This page explains where the Kosli CLI writes its output, what [warning] messages mean, and how to control verbosity in scripts and CI/CD pipelines.
Where output goes
The CLI splits its output across two streams:
- stdout — Command results: created object IDs, JSON, tables, and any value intended to be piped or captured.
- stderr — Warnings, debug lines, and the “new version available” update notice.
The exit code is the authoritative success or failure signal. A non-zero exit code means the command failed; zero means it succeeded, regardless of what appeared on stderr.
Warning messages
Warnings are written in the form [warning] <message> and indicate a non-fatal condition that the CLI worked around. Examples:
[warning] failed to get git repo info. <details>
[warning] Repo URL will not be reported, <details>
[warning] failed to remove evidence file <path>: <details>
Warnings:
- Are always written to stderr.
- Never affect the exit code.
- Are not errors — the command completed successfully.

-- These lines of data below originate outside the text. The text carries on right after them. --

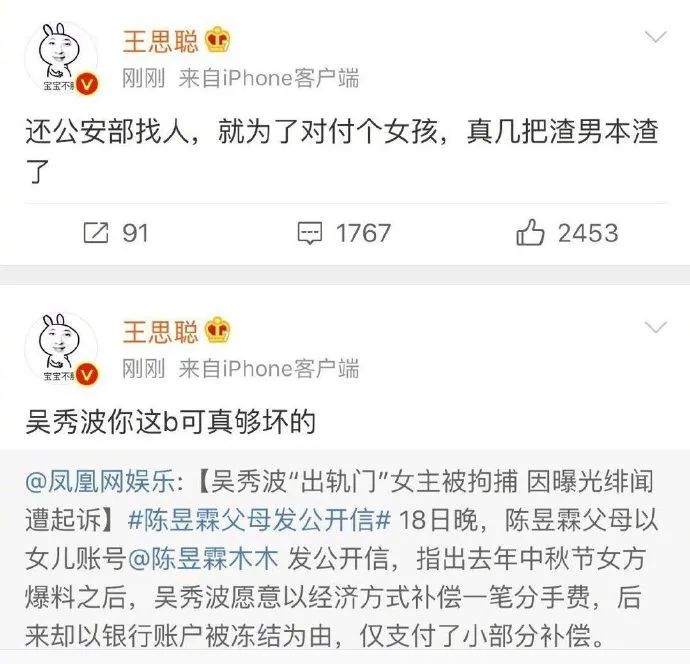 網友們為吳秀波起了個“老毒物”的外號,王思聰也發微博説:吳秀波你真夠壞的。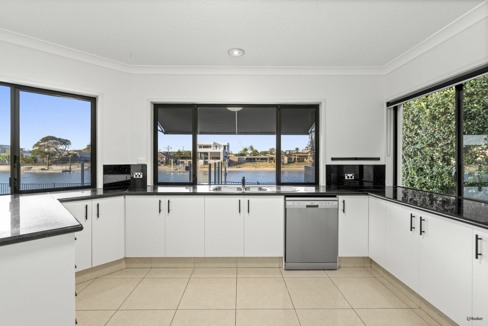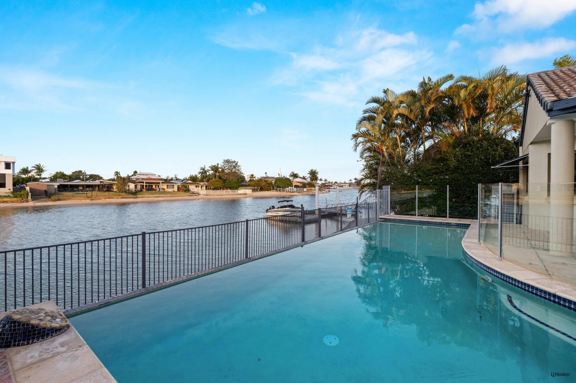 The avid chef will love the central gourmet kitchen overlooking the water. With sweeping stone benchtops, stainless-steel appliances, and tons of additional storage, you can prepare gourmet delights all awhile still feeling part of the action. With room for multiple cars off-street, the option to add a pontoon, a fully fenced yard perfect for pets and arguably some of the best water frontage Palm Beach has to offer, this is an opportunity not to be missed!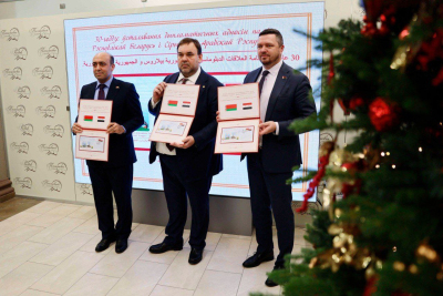 Сегодня, 27 ноября, в «Почтовом салоне» на почтамте Минска состоялась презентация почтового проекта «30-летие установления дипломатических отношений между Республикой Беларусь и Сирийской Арабской Республикой». В церемонии торжественного гашения конверта с оригинальной маркой специальным памятным штемпелем приняли участие: первый заместитель Министра связи и информатизации Республики Беларусь Ткач Павел Николаевич; заместитель Министра иностранных дел Республики Беларусь Шестаков Евгений Андреевич; Чрезвычайный и Полномочный Посол Сирийской Арабской Республики в Республике Беларусь Мохаммад аль-Умрани. Дипломатические отношения между двумя странами установлены 26 августа 1993 года. С ноября 1998 года функционирует Посольство Беларуси в Сирии, с июля 2007 года – Посольство Сирии в Беларуси. Подробности на BELPOST.BY Изображение PDF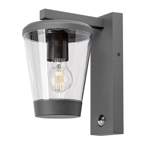 Antracit színű fém kültéri mozgás-érzékelős fali lámpa átlátszó műanyag betétes búrával, 1db E27-es foglalattal, IP44-es védelemmel. A lámpát fényforrás nélkül szállítjuk.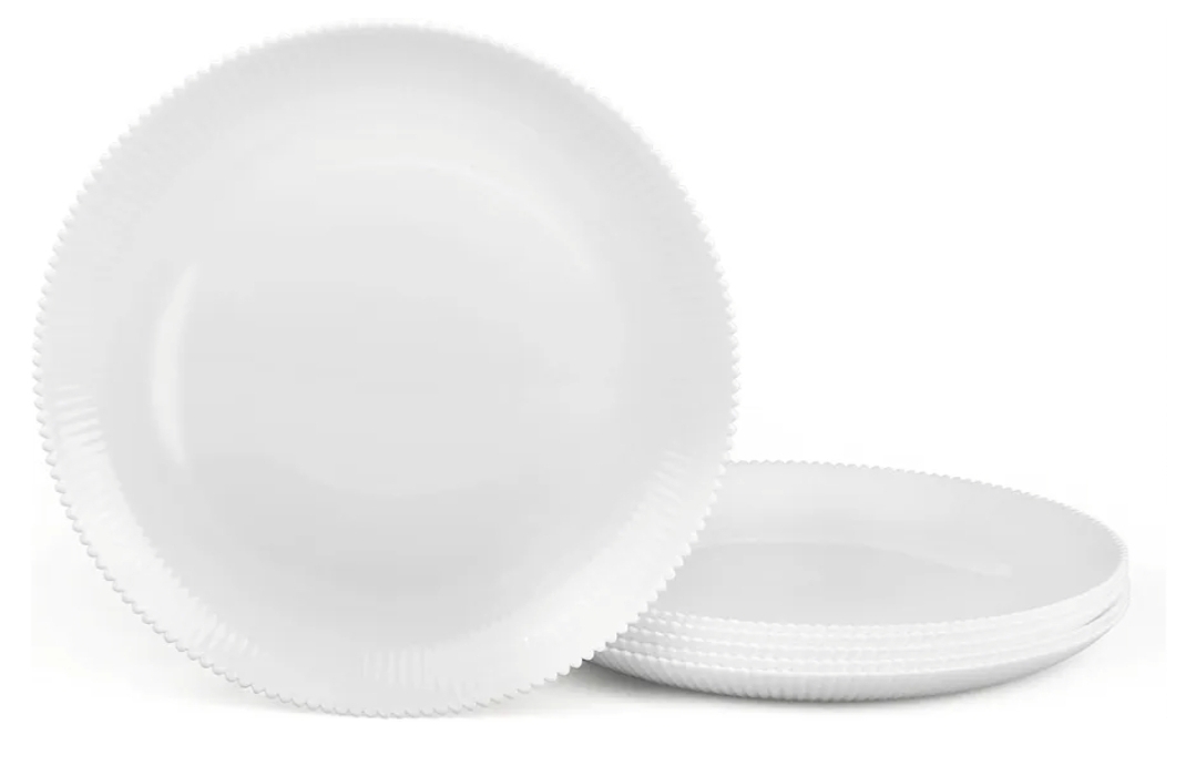Ending On: 01/03/2026 07:43 Preview Time: 07:49 PM10.5 inch Ribbed Dinner Plate Set of 6, Round Opal Glass White Dinnerware Plates, Dishwasher and Microwave Safe

If you see a warning in a pipeline that you have already validated end-to-end, it is safe to suppress it (see below). If a warning is new or unexpected, read the message and address the underlying cause.
Verbosity controls
| Flag | Effect |
|---|
| (default) | Errors and [warning] lines to stderr. Results to stdout. |
-q, --quiet | Suppresses [warning] lines. Errors still print. |
--debug | Adds [debug] lines to stderr. Overrides --quiet. |
--debug=false | Explicit-off form. Useful when a parent process or env var has enabled debug and you want to disable it for one command. |
When both --quiet and --debug are set, --debug wins and a debug notice is printed explaining the override.
Both flags have equivalent environment variables, following the standard KOSLI_ prefix:
KOSLI_QUIET=true
KOSLI_DEBUG=true
Warnings in CI/CD pipelines
CI systems including Jenkins, Azure DevOps, Bitbucket Pipelines, and GitHub Actions multiplex stdout and stderr into a single build log. Some render stderr lines in red or with error-level styling. This makes non-fatal [warning] lines look alarming to pipeline reviewers even though they have no effect on the build.
Once you have validated a workflow end-to-end, add --quiet (or set KOSLI_QUIET=true) to the Kosli CLI invocations to keep build logs clean:
kosli attest generic --quiet ...
Avoid redirecting all of stderr to /dev/null (for example, kosli ... 2>/dev/null). That hides genuine error messages and makes failures much harder to diagnose. Prefer --quiet, which suppresses only [warning] lines and keeps real errors visible.
If you are capturing CLI output in a shell subshell and seeing debug or warning lines mixed into the captured value, see CLI in subshell captures stderr.